TASK TO COMPLETE: Return the stretch from the line with "Noble's 1 gallon" through the line with "115年度失業者職業訓練-彩妍新娘秘書造型實務產訓合作班(招生中)" in the data below, character for character, skipping all pictures.

EXCERPTED DATA:
= = = =
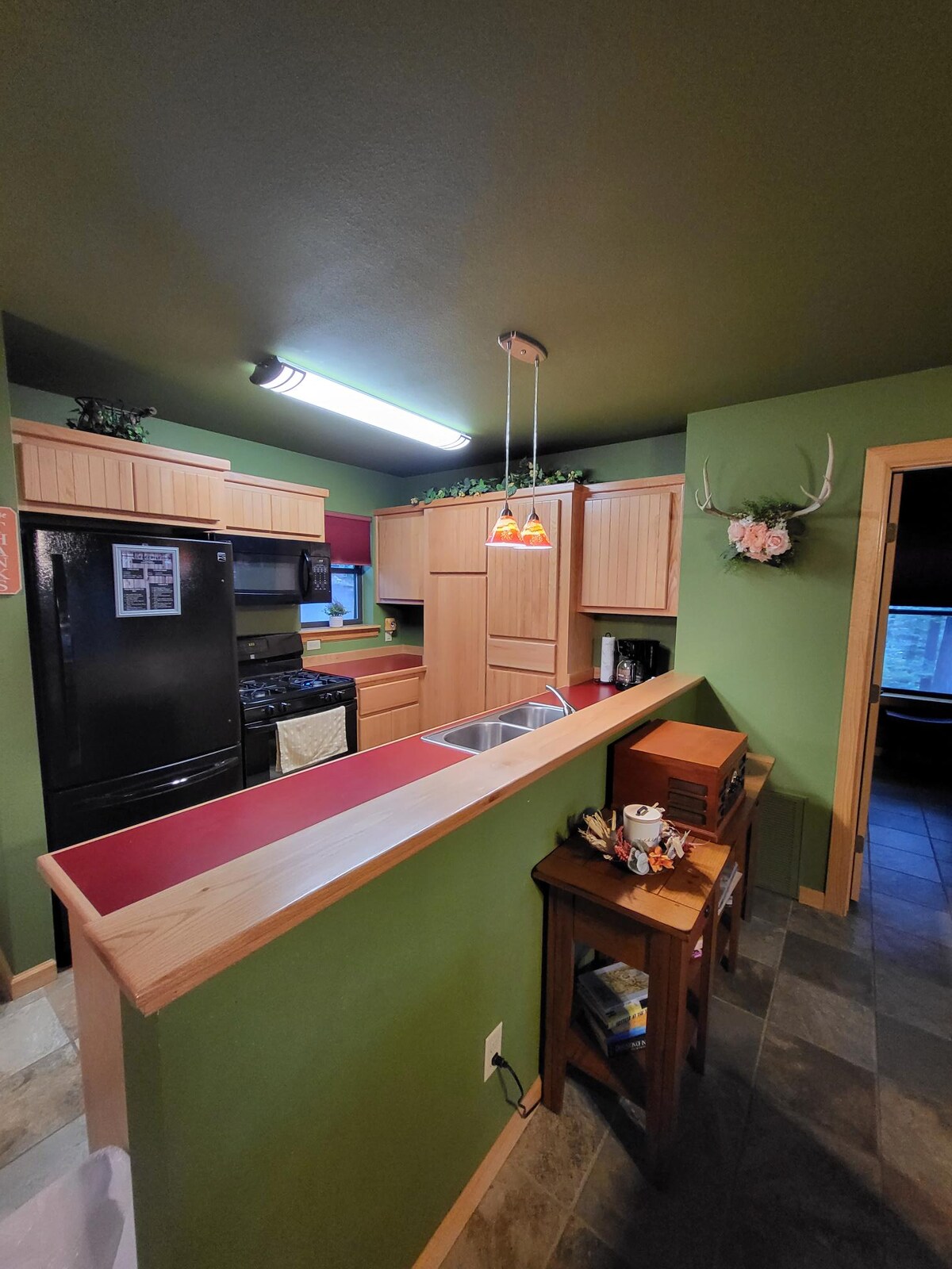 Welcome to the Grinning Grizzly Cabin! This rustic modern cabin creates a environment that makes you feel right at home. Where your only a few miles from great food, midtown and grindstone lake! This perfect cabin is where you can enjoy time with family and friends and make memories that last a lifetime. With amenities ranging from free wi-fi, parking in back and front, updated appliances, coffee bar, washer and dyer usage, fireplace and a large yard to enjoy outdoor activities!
= = = =
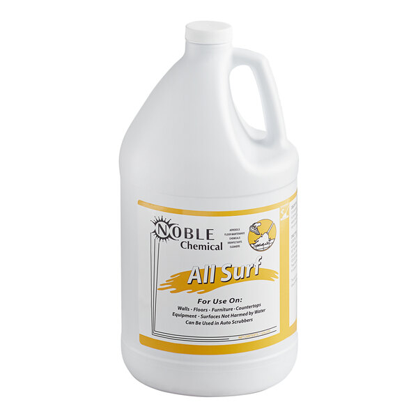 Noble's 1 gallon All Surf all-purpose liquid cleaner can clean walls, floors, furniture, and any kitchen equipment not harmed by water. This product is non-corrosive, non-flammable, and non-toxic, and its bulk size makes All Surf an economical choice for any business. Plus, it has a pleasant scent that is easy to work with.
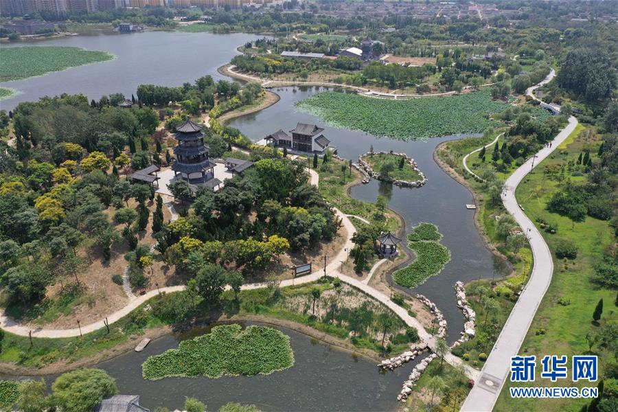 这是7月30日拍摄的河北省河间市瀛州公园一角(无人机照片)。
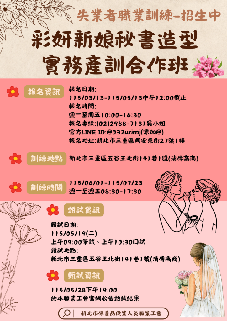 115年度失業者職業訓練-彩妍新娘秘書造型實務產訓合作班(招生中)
= = = =
SOLUTION TO THIS PROBLEM:
 Noble's 1 gallon All Surf all-purpose liquid cleaner can clean walls, floors, furniture, and any kitchen equipment not harmed by water. This product is non-corrosive, non-flammable, and non-toxic, and its bulk size makes All Surf an economical choice for any business. Plus, it has a pleasant scent that is easy to work with.
 这是7月30日拍摄的河北省河间市瀛州公园一角(无人机照片)。
 115年度失業者職業訓練-彩妍新娘秘書造型實務產訓合作班(招生中)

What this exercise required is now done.